Problem details: I'd like every entry transcribed word for word, with no pictures.

(Collected data)
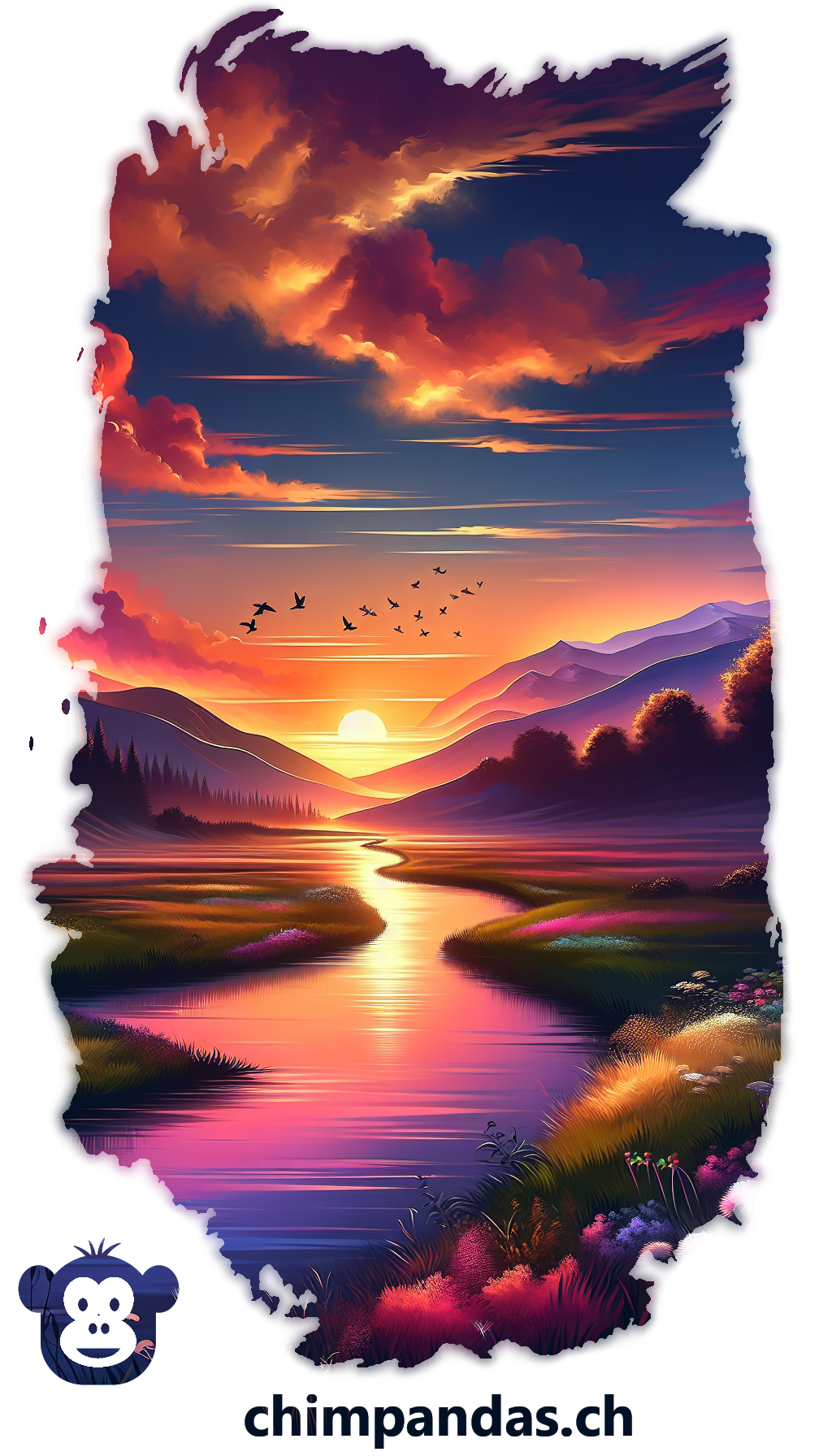 **Prompt:** Imagine a serene landscape set against a breathtaking sunset. The image features a vast expanse of rolling hills, adorned with lush greenery and colorful wildflowers. In the foreground, a crystal-clear stream meanders through the scene, reflecting the warm hues of the setting sun. The sky is painted in a palette of rich oranges, pinks, and purples, casting a soft, golden glow over the entire setting. As the sun dips below the horizon, casting long shadows and creating a tranquil ambiance, a flock of birds can be seen gracefully soaring across the sky. Their silhouettes are stark against the backdrop of the colorful sky, adding a sense of movement and life to the scene. In the distance, towering mountains loom on the horizon, their peaks capped with a dusting of snow that glows pink and gold in the fading light. Wispy clouds drift lazily across the sky, catching the last rays of sunlight and turning a warm shade of pink. As the day transitions into evening, the landscape is bathed in a soft, ethereal light that seems to imbue the scene with a sense of peace and tranquility. The stillness of the water, the gentle rustling of the leaves, and the distant calls of wildlife all combine to create a sense of harmony and serenity that envelops the entire scene. In this idyllic setting, nature's beauty is on full display, inviting the viewer to pause, to breathe, and to appreciate the simple wonders of the world around them. There is a sense of timelessness and eternity in this moment, as if the beauty of the landscape will endure long after the sun has set and darkness has descended.
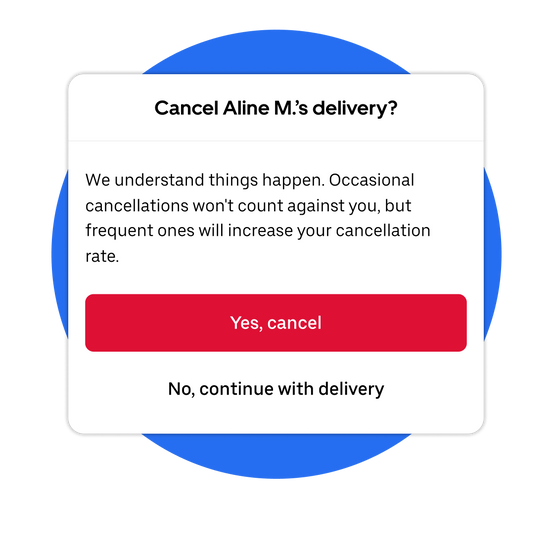 Couriers are now protected from occasional cancellations that are beyond your control—such as when someone else picks up your order or a restaurant is unexpectedly closed—and they won’t count toward your cancellation rate. Improved communication in the app will help you make informed decisions when cancellation issues arise.
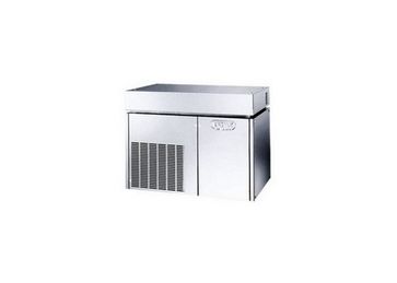 Характеристики. Длина: 900мм; Ширина: 588мм; Высота: 705мм; Мощность: 2100Вт; вес: 137кг. Производит чешуйчатый лед. Производительность 320 кг/сутки. Выполнен из нержавеющей стали. Не оснащен накопителем для льда. Необходим бункер для льда. (BIN 350, BIN None
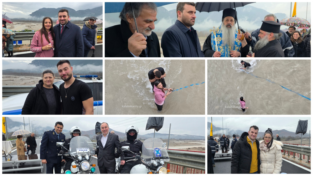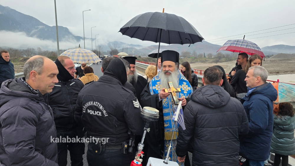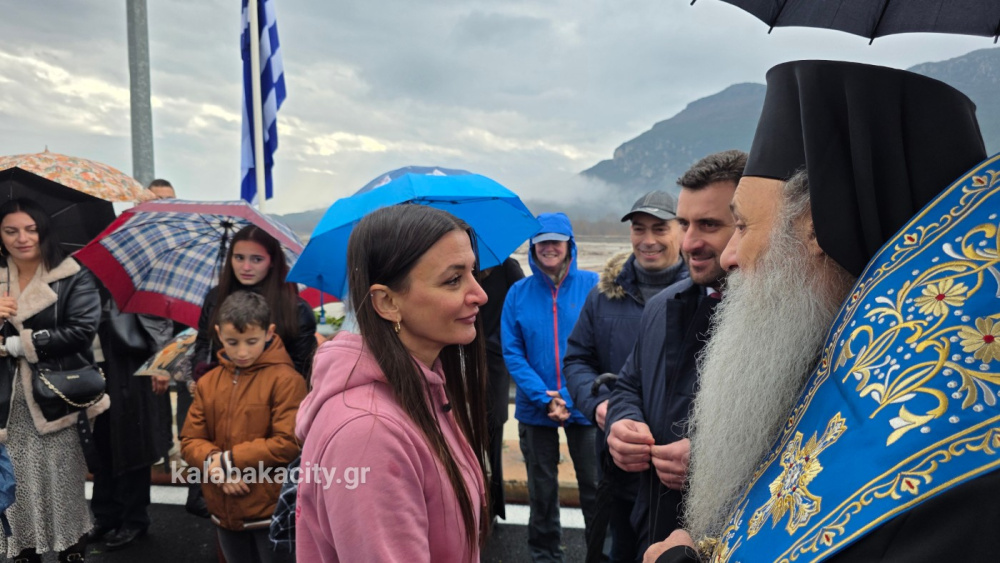 Κάτοικοι της πόλης και περιοχής κατέφθασαν από την Καλαμπάκα και την γύρω περιοχή, για να παρακολουθήσουν από κοντά τον αγιασμό των υδάτων και την ρίψη του Τιμίου Σταυρού που είχε να γίνει 2 χρονια λόγω της ζημιάς στην γέφυρα.
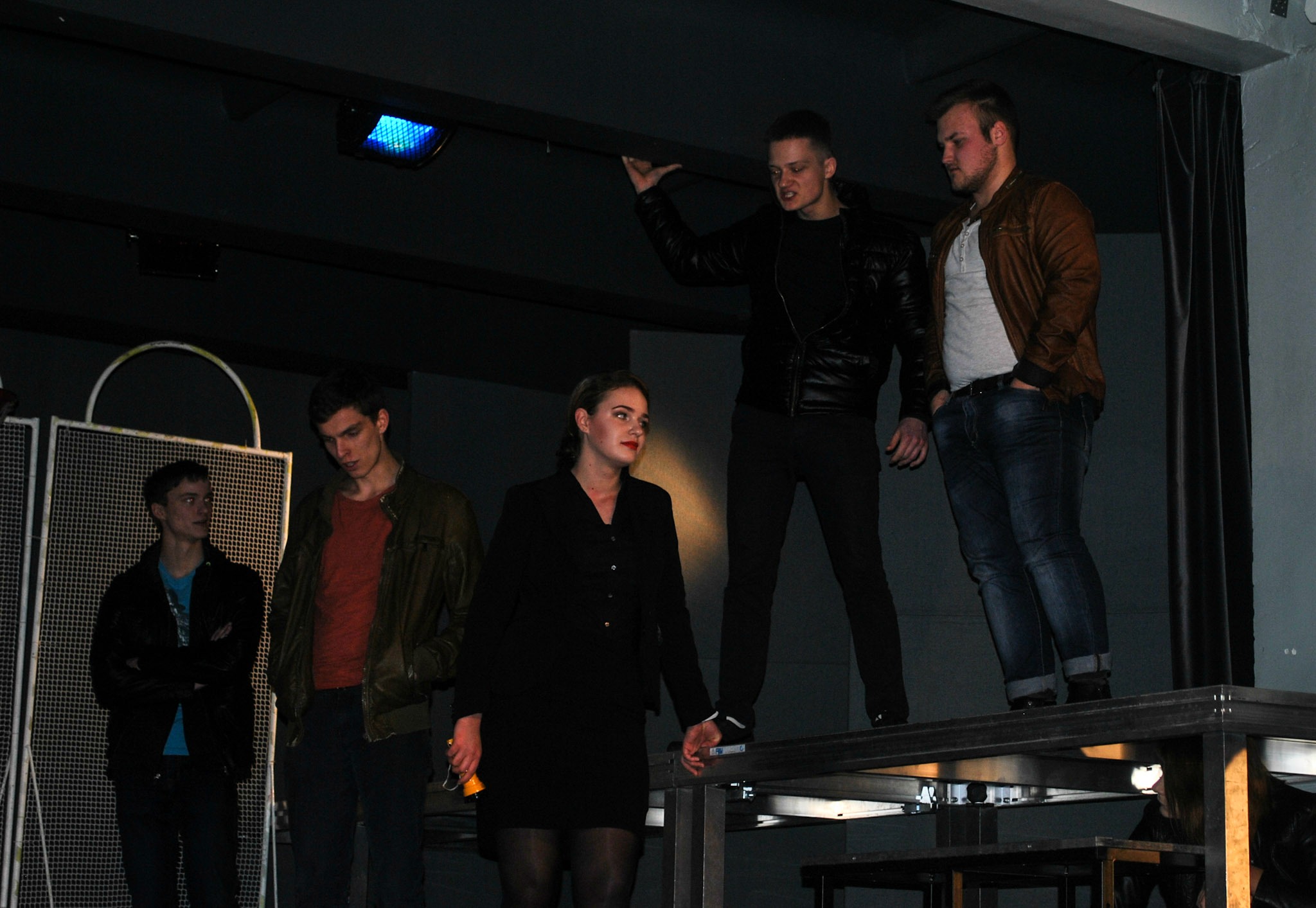 Bet atėjus lemtingam vakarui šypsenos dingsta. Užkulisiuose klausantis besirenkančiųjų šurmulio ima linkti kojos. Visi arba vaikšto ratais mintyse kartodamiesi, ką kada sakyti, arba sėdi kaip niekada rimti. Dar dabar prieš akis matau, kaip Rifas, gaujos vadas (Augustas Badauskas), susigūžęs kampe tuščiu žvilgsniu žiūri priešais save taip, kad visi ima nerimauti, plekšnoti jam per petį ir mėgina pralinksminti.
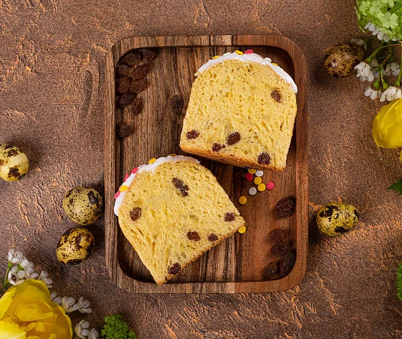 Формы одноразовые для выпечки кондитерских и хлебобулочных изделий: 5 шт Полуфабрикат мучного изделия без содержания молочных компонентов смесь куличная. Состав: мука пшеничная в/с, сахар, дрожжи хлебопекарные сухие, соль, ароматизатор экстракт ванили натуральный. Кондитерский сахаристый полуфабрикат помадка сахарная. Состав: сахар, патока, вода очищенная, эмульгаторы: моно- и диглицериды жирных кислот, ароматизатор экстракт ванили натуральный. Виноград сушеный (изюм). Состав: виноград сушеный без косточки (изюм), масло подсолнечное рафинированное дезодорированное. Кондитерский сахаристый полуфабрикат посыпка декоративная. Состав: мука пшеничная в/с, сахар, вода очищенная, масло какао, красители: понсо 4R, желтый «Солнечный закат» FCF, кармуазин; декстрин, глазирователь шеллак, эмульгатор соевый лецитин, ароматизатор экстракт ванили натуральный. Содержит красители, которые могут оказывать отрицательное влияние на активность и внимание детей. Произведено на предприятии, на котором также выпускаются продукты, содержащие орехи, арахис, кунжут.
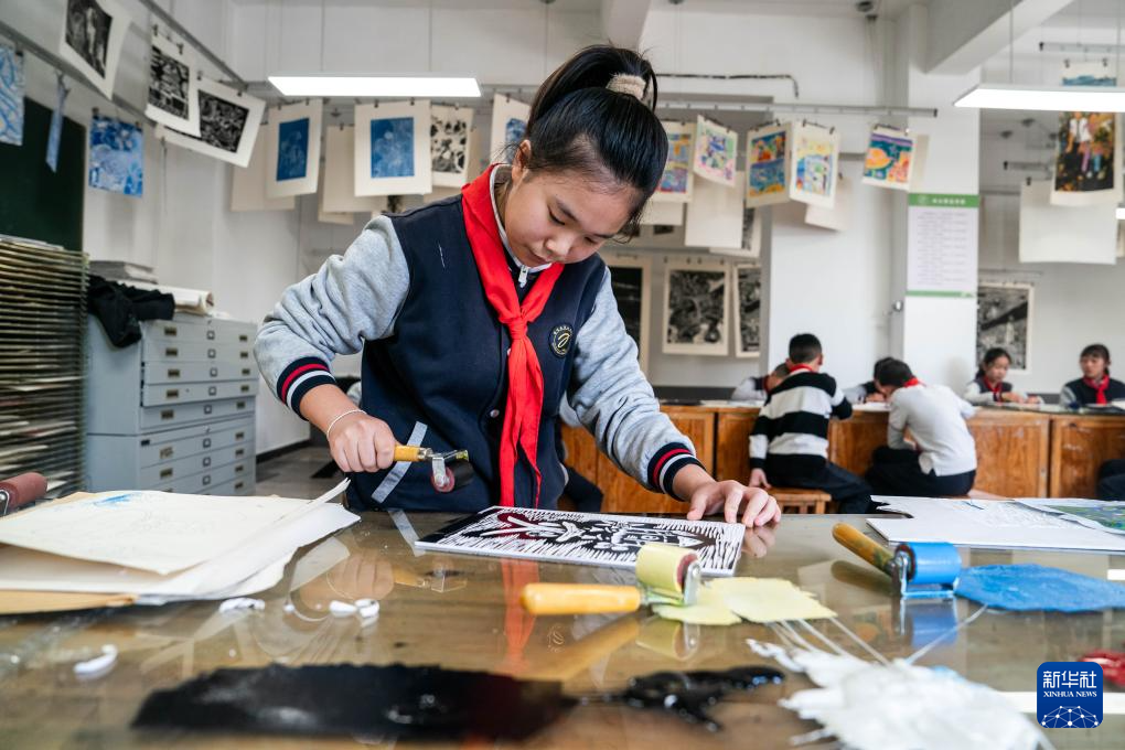 11月12日,曲靖市第(di)二小學(xue)的學(xue)生(sheng)在(zai)創作當地(di)特色的爨文化版畫作品。

Your solution:
 **Prompt:** Imagine a serene landscape set against a breathtaking sunset. The image features a vast expanse of rolling hills, adorned with lush greenery and colorful wildflowers. In the foreground, a crystal-clear stream meanders through the scene, reflecting the warm hues of the setting sun. The sky is painted in a palette of rich oranges, pinks, and purples, casting a soft, golden glow over the entire setting. As the sun dips below the horizon, casting long shadows and creating a tranquil ambiance, a flock of birds can be seen gracefully soaring across the sky. Their silhouettes are stark against the backdrop of the colorful sky, adding a sense of movement and life to the scene. In the distance, towering mountains loom on the horizon, their peaks capped with a dusting of snow that glows pink and gold in the fading light. Wispy clouds drift lazily across the sky, catching the last rays of sunlight and turning a warm shade of pink. As the day transitions into evening, the landscape is bathed in a soft, ethereal light that seems to imbue the scene with a sense of peace and tranquility. The stillness of the water, the gentle rustling of the leaves, and the distant calls of wildlife all combine to create a sense of harmony and serenity that envelops the entire scene. In this idyllic setting, nature's beauty is on full display, inviting the viewer to pause, to breathe, and to appreciate the simple wonders of the world around them. There is a sense of timelessness and eternity in this moment, as if the beauty of the landscape will endure long after the sun has set and darkness has descended.
 Couriers are now protected from occasional cancellations that are beyond your control—such as when someone else picks up your order or a restaurant is unexpectedly closed—and they won’t count toward your cancellation rate. Improved communication in the app will help you make informed decisions when cancellation issues arise.
 Характеристики. Длина: 900мм; Ширина: 588мм; Высота: 705мм; Мощность: 2100Вт; вес: 137кг. Производит чешуйчатый лед. Производительность 320 кг/сутки. Выполнен из нержавеющей стали. Не оснащен накопителем для льда. Необходим бункер для льда. (BIN 350, BIN None
 Κάτοικοι της πόλης και περιοχής κατέφθασαν από την Καλαμπάκα και την γύρω περιοχή, για να παρακολουθήσουν από κοντά τον αγιασμό των υδάτων και την ρίψη του Τιμίου Σταυρού που είχε να γίνει 2 χρονια λόγω της ζημιάς στην γέφυρα.
 Bet atėjus lemtingam vakarui šypsenos dingsta. Užkulisiuose klausantis besirenkančiųjų šurmulio ima linkti kojos. Visi arba vaikšto ratais mintyse kartodamiesi, ką kada sakyti, arba sėdi kaip niekada rimti. Dar dabar prieš akis matau, kaip Rifas, gaujos vadas (Augustas Badauskas), susigūžęs kampe tuščiu žvilgsniu žiūri priešais save taip, kad visi ima nerimauti, plekšnoti jam per petį ir mėgina pralinksminti.
 Формы одноразовые для выпечки кондитерских и хлебобулочных изделий: 5 шт Полуфабрикат мучного изделия без содержания молочных компонентов смесь куличная. Состав: мука пшеничная в/с, сахар, дрожжи хлебопекарные сухие, соль, ароматизатор экстракт ванили натуральный. Кондитерский сахаристый полуфабрикат помадка сахарная. Состав: сахар, патока, вода очищенная, эмульгаторы: моно- и диглицериды жирных кислот, ароматизатор экстракт ванили натуральный. Виноград сушеный (изюм). Состав: виноград сушеный без косточки (изюм), масло подсолнечное рафинированное дезодорированное. Кондитерский сахаристый полуфабрикат посыпка декоративная. Состав: мука пшеничная в/с, сахар, вода очищенная, масло какао, красители: понсо 4R, желтый «Солнечный закат» FCF, кармуазин; декстрин, глазирователь шеллак, эмульгатор соевый лецитин, ароматизатор экстракт ванили натуральный. Содержит красители, которые могут оказывать отрицательное влияние на активность и внимание детей. Произведено на предприятии, на котором также выпускаются продукты, содержащие орехи, арахис, кунжут.
 11月12日,曲靖市第(di)二小學(xue)的學(xue)生(sheng)在(zai)創作當地(di)特色的爨文化版畫作品。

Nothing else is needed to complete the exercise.